2. Voice Fingerprint (Backup Method)
If the primary method fails (e.g., no intro given), the system falls back to the voice fingerprint.
The system:
Processes Audio – Removes noise and silence.
Analyzes Voice – Examines voice pitch, tone, cadence, etc.
Matches Voice – Compares to stored fingerprints using similarity scores.
Best Practices for High Accuracy
Clear Introductions: Staff should start every call by introducing themselves.
Complete Enrollment: All phone agents must have fingerprints for accurate AI identification.
Quality Samples: Submit 3–5 clear samples per employee.
Check Quality Metrics:
Good signal-to-noise ratio
Clear voice (no distortion)
The sample duration is sufficient
When to Use
Use the Voice Fingerprints Page When:
You're onboarding a new employee who answers or places calls.
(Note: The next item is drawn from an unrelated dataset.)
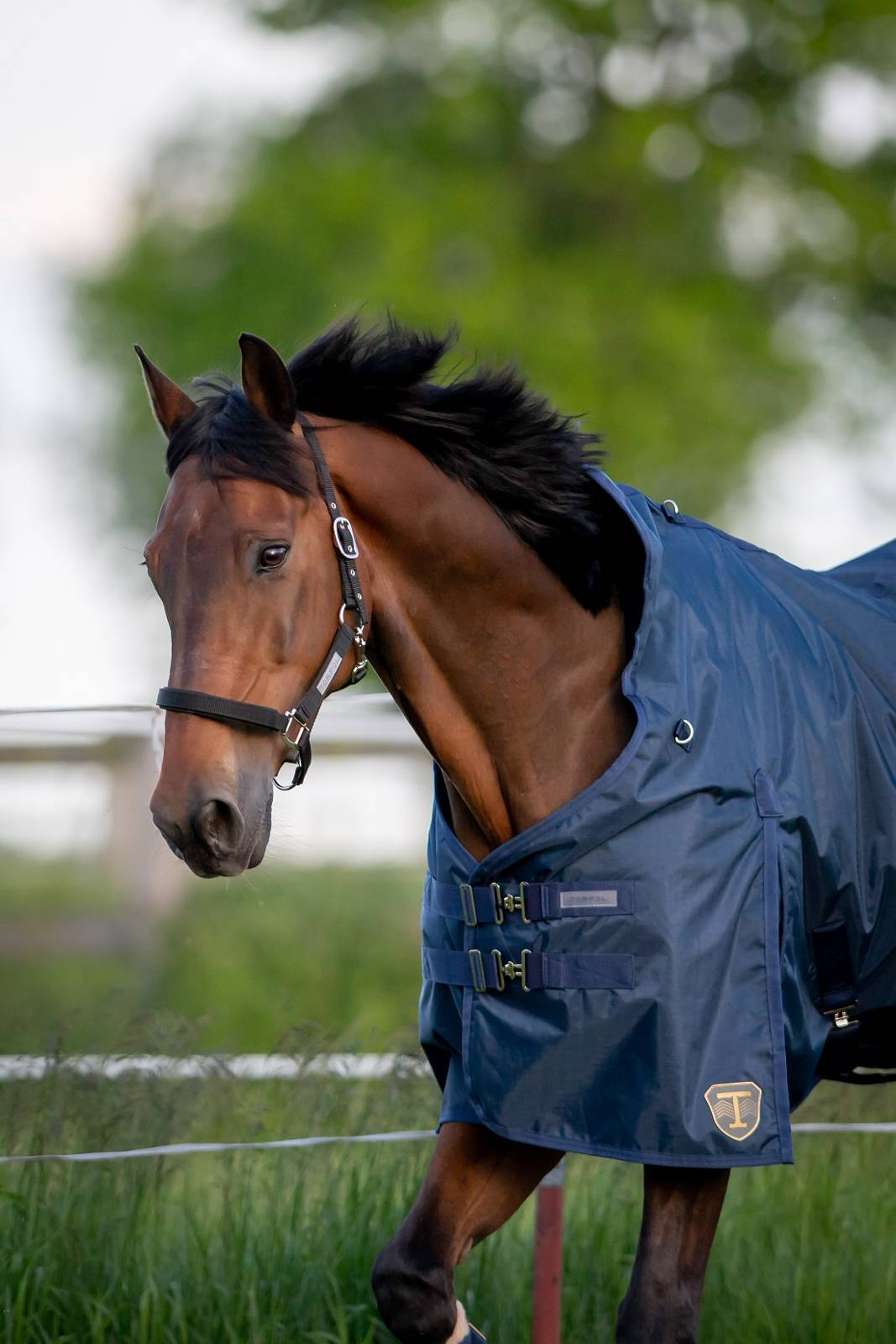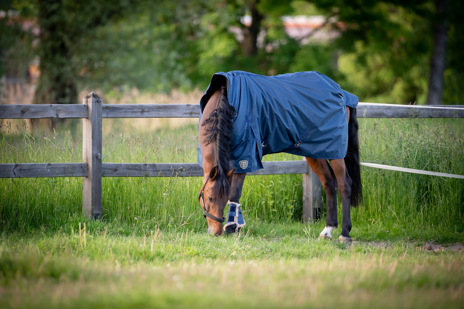 Dzięki systemowi regulowanych zapięć pod brzuch, nogi oraz paskowi pod ogon, derka jest łatwa do dopasowania do ciała konia, co zapewnia wygodę i stabilność.

You want to improve system-wide speaker recognition.
You need to manage or delete existing voiceprints.
You’re trying to increase the Confidence Score for a specific person.
Use “Add Voice” in Call Details When:
You are reviewing a call where the speaker wasn’t recognized.
You want to match a caller to an existing fingerprint manually.
Best Practice: Start by enrolling staff in Voice Fingerprints, then use Call Details > Add Voice to fine-tune call-level tagging and speaker attribution.
Use Case and Intended Purpose
Voice fingerprinting ensures accurate agent attribution in:
Performance tracking
Training and QA
Lead and opportunity follow-up
Compliance and audit logs
It's especially useful when:
Names are mispronounced or missing.
Multiple employees sound similar.
You want to automate speaker tagging.